The City I Love: Rolling stone proves to be a formidable foe


PITTSFIELD -- I "kid" you not. Even as you read this I am in the middle of passing a kidney stone. It's been a three-day process, and I foresee the battle being waged for another 48 to 72 hours. I call him Sgt. Stone, and do so with great admiration and respect. He has been a worthy foe and when surrender terms are ultimately reconciled, I don't doubt a mutual understanding will have emerged. For now, I curse and scream his name.

So, I'm not myself this week. I don't know who I am. I think that's an old vaudeville joke, but I don't hear anyone laughing. Not me, anyway.

I'm neither lucid in my thoughts nor crisp in a literary sense. But I was fortunate this week. I had fine response to last week's column on Margaret Hart, the city's first minority teacher. They are worth sharing. I also received a poem from a reader about potholes. Who isn't talking potholes these days?

Thanks for understanding, and thank you readers for bailing me out. In the meantime, me and the sergeant are going to get a bottle and try and drink each other under the table. There can only be one winner in this fight.


To recap, Hart was hired by the city in 1949. She passed a decade ago at age 92. A lovely and educated woman, she was also the first black student at North Adams Normal School, now Massachusetts College of Liberal Arts.

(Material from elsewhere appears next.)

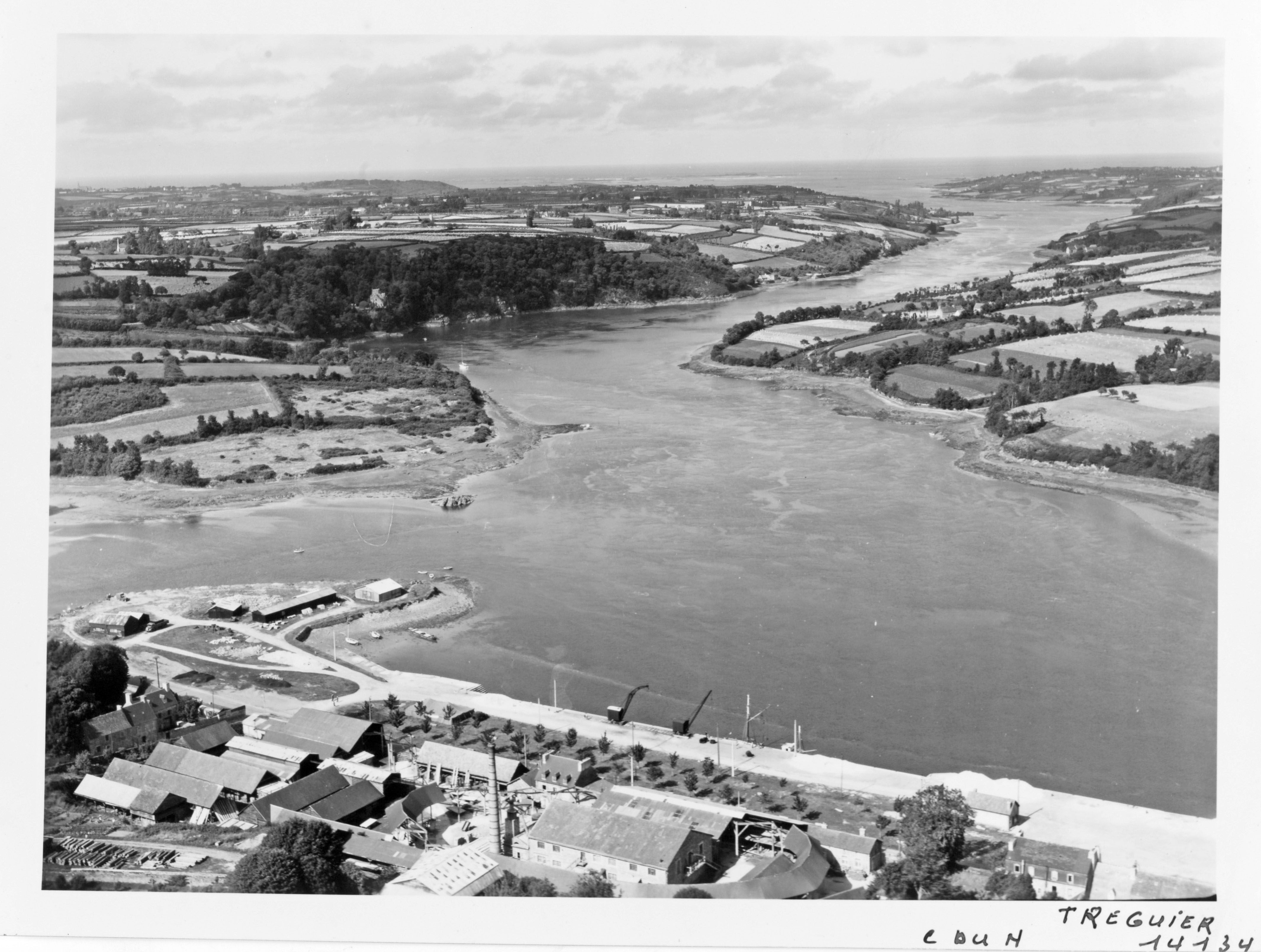 Tréguier : vue aérienne oblique de la ville, le port par Roger Henrard, vers 1954. En arrière plan : l'embouchure de la rivière de Tréguier (Archives départementales des Côtes-d'Armor, collection photographique Henrard : RAD022_26Fi_461)Immatriculation
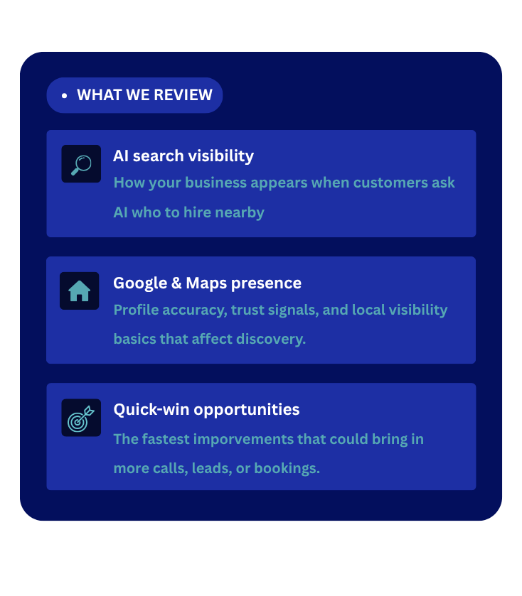 We show local businesses how Google, Maps, and AI tools currently see them — then give a clear action plan to help them get found again and stop losing easy opportunities.

n From Christine Pike of Hinsdale:

"I couldn't help but bring back fond memories after reading your column on Margaret Hart. At North Junior High (now Reid Middle School), I had Miss Hart for Industrial Arts, she taught arts and crafts. I took particular interest in a hand loom she had and asked what it was and what it was used for and how it was used.

"My father worked at Wyandotte Worsted Co., at the time, and when she told me that strips of wool cloth were needed to make a rug on the loom my interest peaked even more. She was very encouraging and just as excited about letting me make the rug on the loom.

"My father supplied the cloth and I cut out as many 2-inch strips as I could. With her instruction I was able to produce a rug about 3 feet wide and 4 feet long. Not bad for a seventh-grader. Miss Hart was as proud, maybe even more, than I.

"The rug wore out over time and is long gone. But the memories remain, and they are good ones."


n From Jim Schulman, of Ohio, who taught with Hart for a short time during the 1960s.

"Your piece was a fitting tribute to a great person. Elegant was the perfect word to describe her. I taught at North in 1967-68, and she was one of the first people to greet me and show an interest in my background.

"She was particularly interested in learning about people and any common experiences they may have shared. I was unaware at the time that she was Pittsfield's first African-American teacher, but it wasn't something for which she sought attention.

"Upon reflection, that makes my relationship with her as a colleague and friend even more special. I can recall having open and positive discussions about issues such as civil rights, voter registration projects and minority tutorial programs.

"She was unique, and thankful for the opportunities and successes she had in life."


Finally, a change of pace from former PHS moundsman, Joe Galli, whose southpaw serves baffled locals from time to time during the 1940s. He had potholes on his mind, and offered this work:

Potholes, potholes everywhere,

they creep upon you so beware,

your ashtray rattles, your visor falls,

potholes have no love at all.

"But don't you worry, don't you fret,

the city men will get them yet,

they'll fill those potholes one by one,

until, alas, they reappear again.

Probably no award, Joe. But we get the idea.